Truth: Studies have not shown specific foods related or linked directly to fertility or infertility. It is recommended that all people trying to become pregnant have a nutritious, well-balanced diet that is rich in iron, folic acid and other key micronutrients.

Minimizing alcohol and avoidance of second-hand and direct tobacco/marijuana use are known to improve a person’s fecundity. Consuming a daily, prenatal vitamin with 400 micrograms of folic acid is encouraged for people planning pregnancy.

Myth: Contraceptive medication causes infertility

Truth: Studies show that effective contraception does not affect fertility, and planned pregnancies have better outcomes. Most people who stop taking oral contraceptives resume their ovulatory cycles within the first month.

Pregnancy rates in the first year after stopping oral contraceptives or removing an implant or intrauterine device are about the same. Unintended pregnancies, particularly among those with chronic medical conditions and health problems, are more likely to experience poor pregnancy outcomes. Intentional pregnancy planning is optimal for both maternal and child health.

Myth: Irregular menstrual cycles are linked to infertility

Truth: While irregular menstrual cycles (when no hormonal contraceptive is being used) do not cause infertility, they can signal that the reproductive hormonal function is impaired.

Irregular menstrual cycles may signal that an individual is not ovulating or releasing an egg every month, or that the fertility window may be earlier or later than expected.

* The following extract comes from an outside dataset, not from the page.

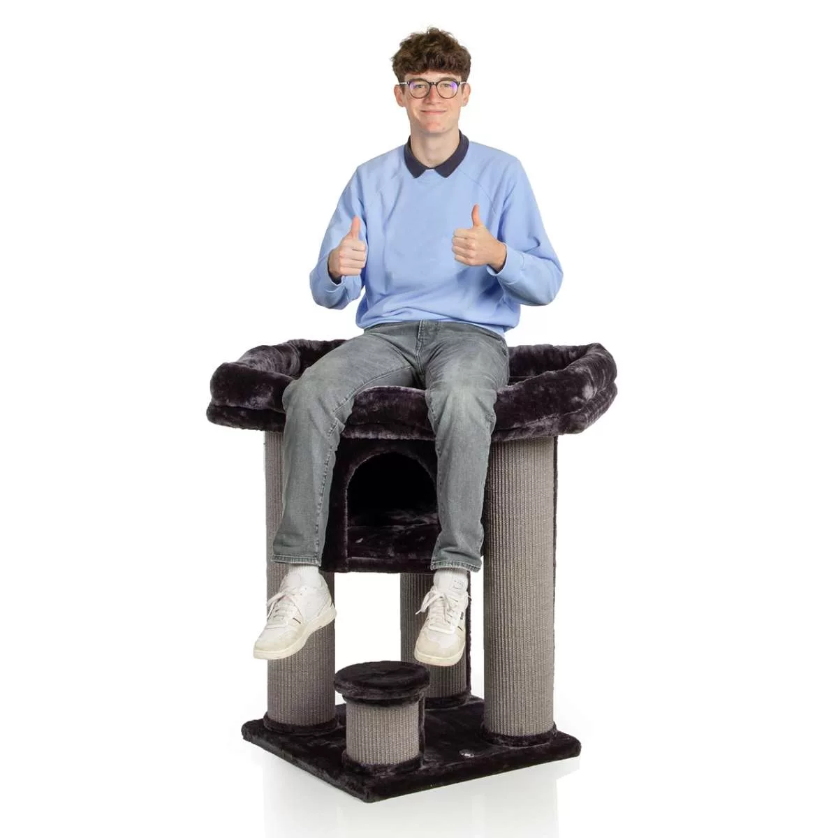 This large cat tree is characterised by its extreme stability due to the extremely thick sisal column with 15 cm Ø. This is some of the largest you can find.

People with irregular menstrual cycles, bleeding in between their cycles or absent menstrual cycles should see their primary care provider for further evaluation and assistance in predicting ovulation.

Myth: Regular menstrual cycles signal fertility

Truth: A regular menstrual cycle is a good indicator that a person is ovulating or releasing an egg every month in a predictable window, which can help rule out anovulatory infertility (infertility due to being unable to ovulate) as a cause of an opposite sex couple’s infertility.

Ovulatory dysfunction accounts for about 15 percent of infertility in females, meaning that it is only a minor factor contributing to infertility.

Myth: If you have given birth, it’s easy to get pregnant again

Truth: Being able to achieve one pregnancy often predicts future success, but it does not always guarantee it. Studies show that about 30 percent of infertility is secondary infertility – the inability to conceive or have a full-term pregnancy after previously conceiving spontaneously or without assistance. Numerous patients experience secondary infertility.

Myth: Stress leads to infertility

Truth: Infertility is a disease of the reproductive system and not the nervous system. Relaxation methods, such as meditation, can lead to improved mental and heart health. However, there is no evidence that relaxation itself can increase the chances of intentional pregnancy.